GFANZ has brought together "over 250 financial institutions responsible for $80bn in assets and anchored in COP’s race to zero ... GFANZ is the gold standard for financial sector commitments to sustainability", Mr Carney said.

“By Glasgow [Cop26 conference], all major financial firms should decide whether they too will be part of this solution to climate change. GFANZ is a big tent, but it will be the only tent in Glasgow,” he added.

Building green energy in emerging markets and developing economies also requires immediate attention. While estimates vary, most suggest that more than $1tn in additional investment annually will be needed for the task, Mr Carney said.

“To meet this need, we must turn billions in public capital into trillions in private capital by scaling blended finance, catalysing standalone private capital flows and building new markets.

“Multilateral development banks are uniquely placed to mobilise private finance, but thus far the results have been modest, with only $11 billion mobilised in 2018,” he added.
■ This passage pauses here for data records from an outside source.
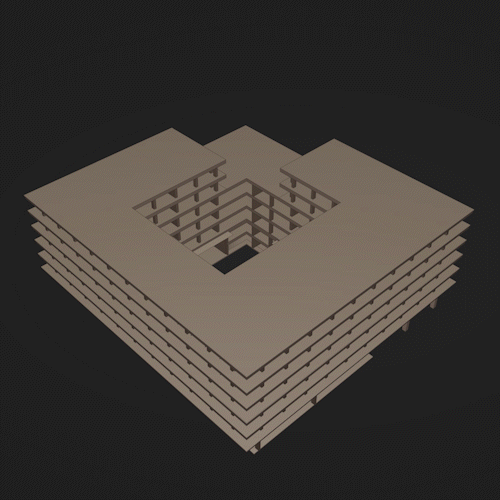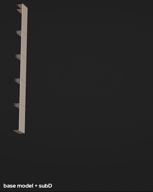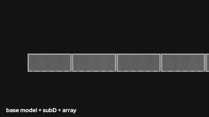 Najbardziej zaawansowanymi obiektami i kluczowym elementem występującym w modelu budynku są jego przykrycia elewacji falowaną i perforowaną blachą. Została oparta o mesh o przekroju parabolicznym, który we frontowym widoku został przedzielony co jakiś czas dylatacją pionową oraz poziomą, aby stwarzać wrażenie paneli. Dołożyłem również prostopadłe, wewnętrzne elementy, trzymające elewację do konstrukcji obiektu.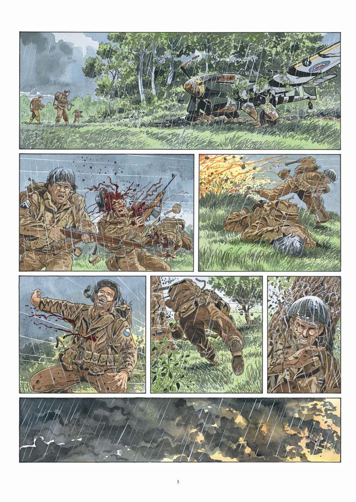 Avec les deux tomes d’AIRBORNE 44 dessinés directement à l’aquarelle, Philippe Jarbinet nous livre un solide récit d’action et un vrai suspense, tout en dressant le portrait intimiste d’une passion inattendue entre un soldat américain et une jeune européenne au cœur de l’une des pires batailles de la Seconde Guerre mondiale. L’omniprésence du danger exacerbe les sentiments et les intérêts, poussant chacun à faire des choix cornéliens qui ne devraient pas être faits en temps de paix. Car une chose est sûre : la guerre ne pardonne aucune erreur et ne fait pas de quartier. Sans avoir l’air d’y toucher et en faisant preuve d’une irréprochable précision dans le moindre détail, Philippe Jarbinet nous entraîne sur les traces d’un pan de l’Histoire qui ne doit jamais tomber dans l’oubli.
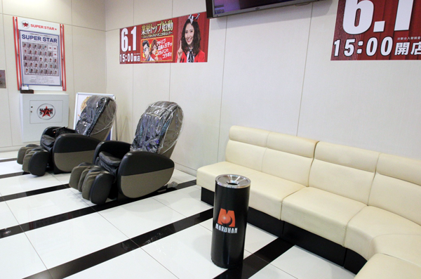 レストスペースに大型のマッサージチェアが用意されているところも魅力的といえるだろう。

Although the past 70 years are a success story on many counts, with the world economic output climbing 15 times, biosphere has diminished drastically over the same period, Partha Dasgupta professor of economics at the University of Cambridge, wrote in the publication. Between 1970 and 2016, the population of species fell globally by 68 per cent on average.

“The only way to combat this biodiversity crisis is through transformative change, which demands sustained commitment from actors at all levels – from citizens all the way to international financial institutions such as the IMF,” he said.